Understanding degrees of freedom is crucial for data science leaders as it helps them interpret the results of statistical tests and make informed decisions based on the data. It also plays a role in determining the complexity of models and avoiding overfitting, which occurs when a model is too complex and starts to fit the noise in the data rather than the underlying patterns.
Correlation, causation, and covariance
Correlation, causation, and covariance are important concepts in data science, ML, and decision-making. They are all related to the relationship between two or more variables and can be used to make predictions and inform decision-making.
Correlation
Correlation is a measure of the strength and direction of the relationship between two variables. It is a statistical measure that ranges from -1 to 1. A correlation of 1 indicates a perfect positive correlation, a correlation of 0 indicates no correlation, and a correlation of -1 indicates a perfect negative correlation.

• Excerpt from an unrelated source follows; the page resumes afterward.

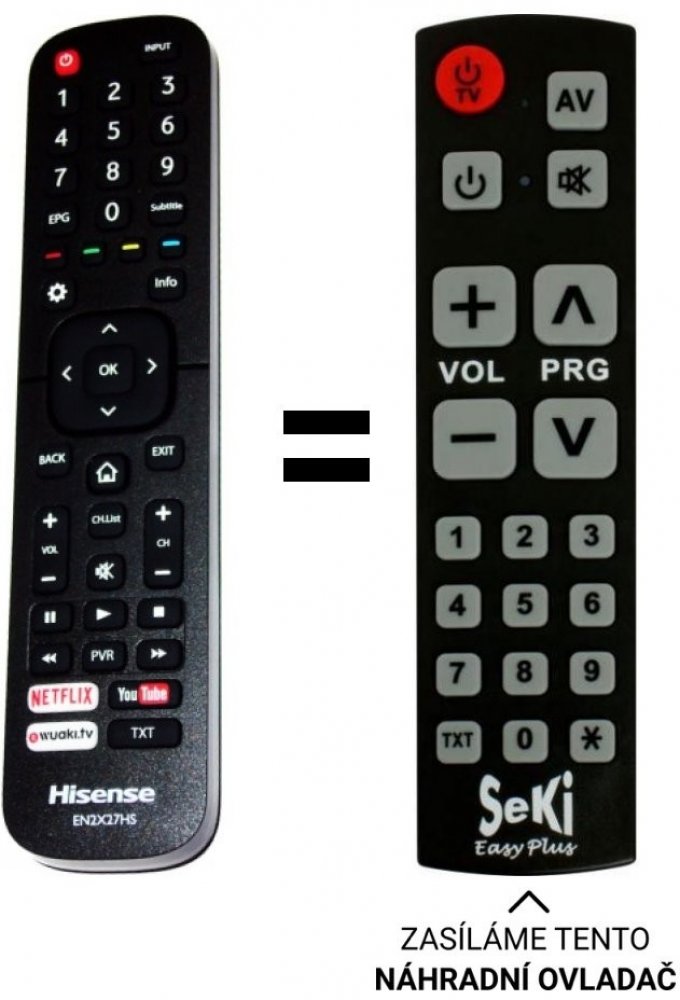 POUZE ZÁKLADNÍ FUNKCE. HISENSE náhradní dálkový ovladač BEZ ZADÁVÁNÍ KÓDŮ například pro modely

For example, suppose we want to understand the relationship between a person’s age and their income. If we observe that as a person’s age increases, their income also tends to increase, this will indicate a positive correlation between age and income.
Causation
Causation refers to the relationship between two variables in which one variable causes a change in the other variable. Causation is often inferred from correlation, but it is important to note that correlation does not necessarily imply causation.
For example, suppose we observe a correlation between the number of ice cream cones sold and the number of drownings in a city. While these two variables are correlated, it would be incorrect to assume that one causes the other. Rather, there may be a third variable, such as temperature, that causes both the increase in ice cream sales and the increase in drownings.
Covariance
Covariance is a measure of the joint variability of two variables. It measures how much two variables change together. A positive covariance indicates that the two variables tend to increase or decrease together, while a negative covariance indicates that the two variables tend to change in opposite directions.
For example, suppose we want to understand the relationship between a person’s height and their weight. If we observe that as a person’s height increases, their weight also tends to increase, this will indicate a positive covariance between height and weight.
Correlation, causation, and covariance are important concepts in data science. By understanding these concepts, decision-makers can better understand the relationships between variables and make better-informed decisions based on the analysis of the data.
Covariance measures how two variables change together, indicating the direction of the linear relationship between them. However, covariance values are difficult to interpret because they are affected by the scale of the variables. Correlation, on the other hand, is a standardized measure that ranges from -1 to +1, making it easier to understand and compare the strength and direction of linear relationships between variables.
It is important to note that correlation does not necessarily imply causation and that other factors may be responsible for observed relationships between variables. A strong correlation between two variables does not automatically mean that one variable causes the other as there may be hidden confounding factors influencing both variables simultaneously.
The shape of data
When working with samples of data, it is helpful to understand the “shape” of the data, or how the data is distributed. In this respect, we can consider distributions of probabilities for both continuous and discrete data. These probability distributions can be used to describe and understand your data. Probability distributions can help you identify patterns or trends in the data. For example, if your data follows a normal distribution, it suggests that most values are clustered around the mean, with fewer values at the extremes. Recognizing these patterns can help inform decision-making or further analysis.